# Huge Success!!



## Kay92 (Oct 19, 2012)

If you have read any of my past posts about walking with Chuck and Riley then you know that we have had one heck of a time finding something that helps them walk like civilized dogs. After we got the Gentle Leader for them both we noticed a huge difference. A few weeks ago I was out and my mom took them both on a walk by herself. She said that they were fine and well behaved. Today she called me and suggested that I take them for a walk....

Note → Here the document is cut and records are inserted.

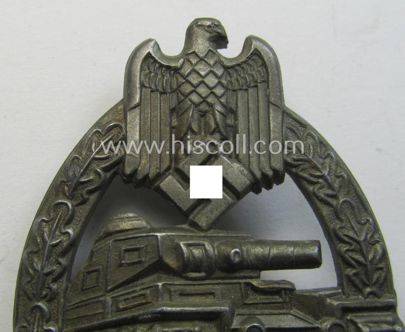 Attractive, 'Panzerkampfabzeichen in Bronze' (or: bronze-class panzer assault badge or PAB) being a neat zinc- (ie. 'Feinzink'-) version (of the so-called: 'flat-back'-pattern) as was procuced by the: 'Alois Rettenmaier'-company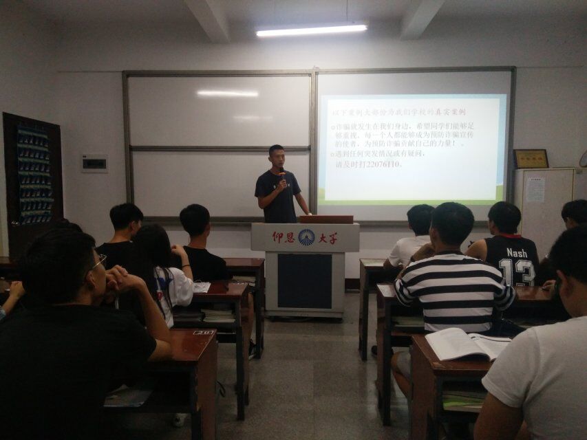 近几年来,全国各大高校学生被诈骗事件频频发生,对受害人及其家庭造成严重影响,甚至破坏了社会风气。不法分子利用我们的防范意识薄弱进行犯罪,为了不让犯罪分子有机可乘,16级计算机二班于5月27日晚在共和楼305,由班长吴怡泽同学主持开展了“防诈骗”主题班会。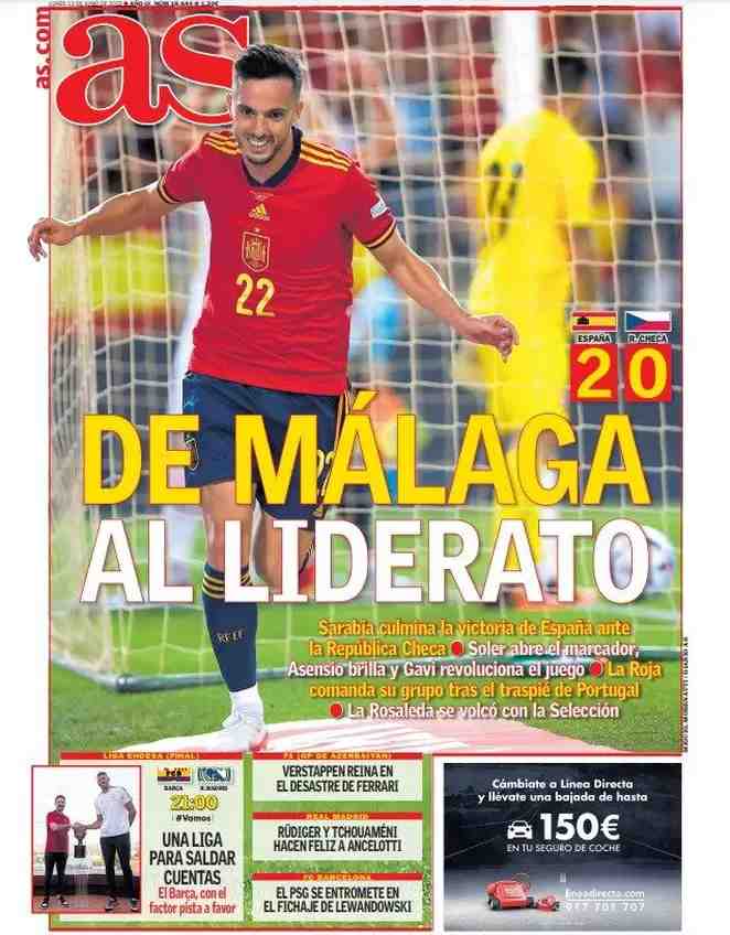 I titoli principali sulla prima pagina del quotidiano sportivo spagnolo, As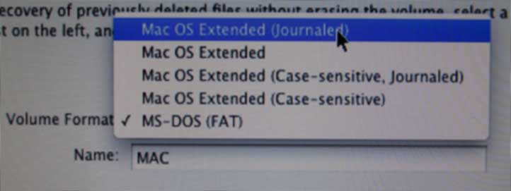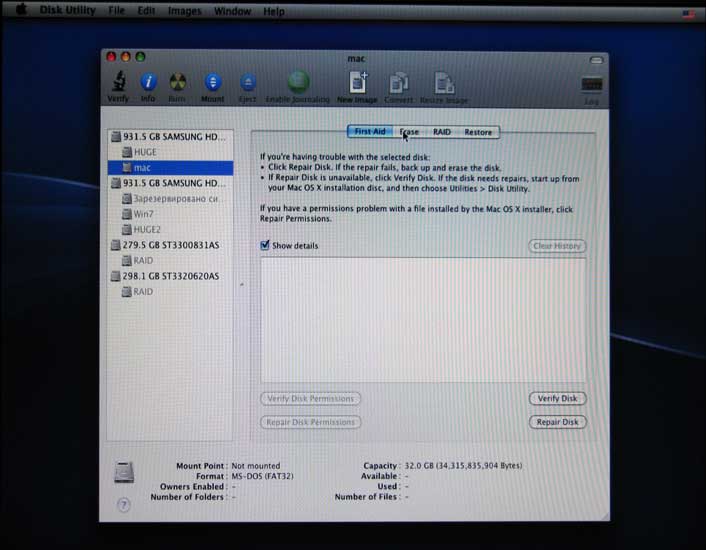 Здесь находим в списке слева наш диск, если он пустой то выделяем его, правой кнопкой кликаем в меню выбираем Mount чтобы присоединить диск (если он серый). Потом в панели справа жмём Erase.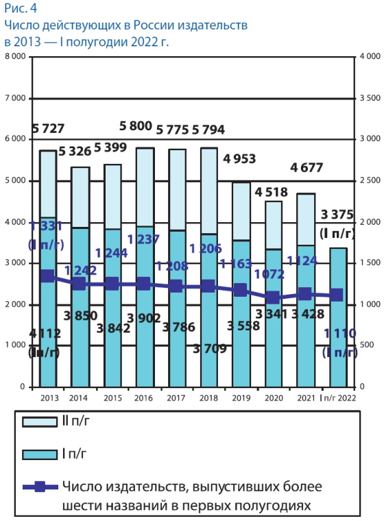 В I полугодии 2022 г., по данным РКП, в стране была зарегистрирована деятельность 3375 издательств, что на 1,5% меньше, чем в аналогичном периоде 2021-го (3428). Число активно действующих издательств, к которым мы традиционно относим организации, выпускающие в среднем не менее одной книги в месяц (т.е. выпустивших в I полугодии 2022 г. не менее шести названий книг и брошюр), составило 1110. По отношению к I полугодию 2021 г. (1124 издательства) число активно действующих издательств сократилось на 1,2% (рис. 4).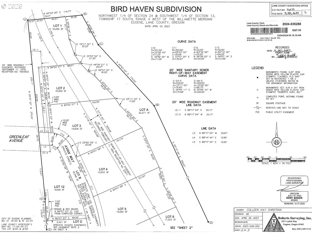 An exceptional development opportunity in the desirable North Eugene area, this upscale 11-lot vacant land package in the Bird Haven Subdivision spans 4.07 acres of already divided lots. Zoned R-1 and meeting middle housing guidelines, the property offers excellent flexibility for residential development, with an average lot size of over 15,000 square feet. Ideally located with close proximity to schools and grocery stores, the Willamette River is nearly a hop, skip, and a jump away, offering stunning river views. Residents will enjoy easy access to nearby bike paths and parks—perfect for nature lovers and strolls with pets. Utilities are not currently on site; a $150,000 deposit bond, to be paid by the buyer after closing, is in place to bring utilities to the property. A rare opportunity for builders and investors seeking scale, natural beauty, and long-term value in North Eugene.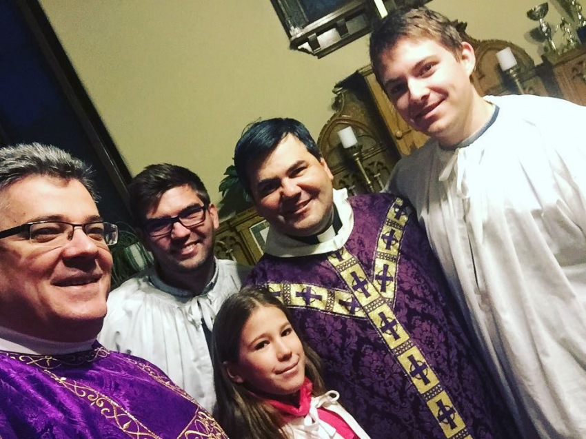 Rorate-szelfi az angyalföldi Szent Mihály-templomban, ahol Flavio atya hétről-hétre kisegít

I didn't know if I could handle them on my own, especially Chuck because he is very powerful. But I got out their Gentle Leaders and decided to go for it. and my oh my what a HUGE difference it has made. I was able to walk them both without any problems at all. Before this moment I knew that the Gentle Leaders were working but now I know that it has made a big enough difference that we will be able to take them to places with people without fear of them getting away. We will say nothing but good things about the Gentle Leaders.


----------



## datacan (May 15, 2011)

Good for you 8)


One thing, please be aware the GL can turn their head abruptly if they blot. 
For that reason they should not be walked on long leashes or retractable leads. That way they cannot build up speed. I used a 4 ft lead after read some of the reviews.
One more thing, the fur on top of their nose may be rubbed a little. Other than that it's a good tool. You got the red one? We used it for a short period, also. 
At 6 months our boy graduated to more manly collar


----------



## Kay92 (Oct 19, 2012)

We have the blue ones, size Medium. We use short leashes for them so they don't have to much room to build speed. Our boys are going to turn 2 next year. They can't walk with just their collars because they choke themselves. And when they wear harnesses they think their sled dogs. The GL was our last hope so we didn't have to do to electronic collars.


----------



## datacan (May 15, 2011)

No ecollar for waking, I meant prongs :-[ But prongs look so mean, many people assume the dog is evil and just cross the street. Our boy is two months shy of 2 years and looks like a dog, not a puppy anymore... Stopped posting cute pictures of him  
Nevertheless, I still think of him as a "baby boy"


----------



## Rudy (Oct 12, 2012)

Thongs lol

I have many sizes and Colors'

10 for 1 dollar :-[ 

Give more then you get and humor even weak makes me go" ;D


----------



## Ozkar (Jul 4, 2011)

datacan said:


> No ecollar for waking, I meant prongs :-[ But prongs look so mean, many people assume the dog is evil and just cross the street. Our boy is two months shy of 2 years and looks like a dog, not a puppy anymore... Stopped posting cute pictures of him
> Nevertheless, I still think of him as a "baby boy"


I pissed myself over that one DC  Astro is the same, two in January and he's a freakin monster as V's go. Most V people I run into, that's the first thing they comment on......god he's big! ............... I didn't realise how big till yesterday when an older gentleman was too frightened to pass by us on the sidewalk. I was sitting at an outdoor cafe and he was walking by. I saw him freeze and stare at Astro, so I reassured him that he was perfectly harmless. But, he still wouldn't move till I pulled Astro tight to me with the leash. I encouraged him to say hello to Astro as he was a gentle and soft boy. To his credit, he mustered the courage and gave Astro a pat. The old guy looked like he had just climbed Everest


----------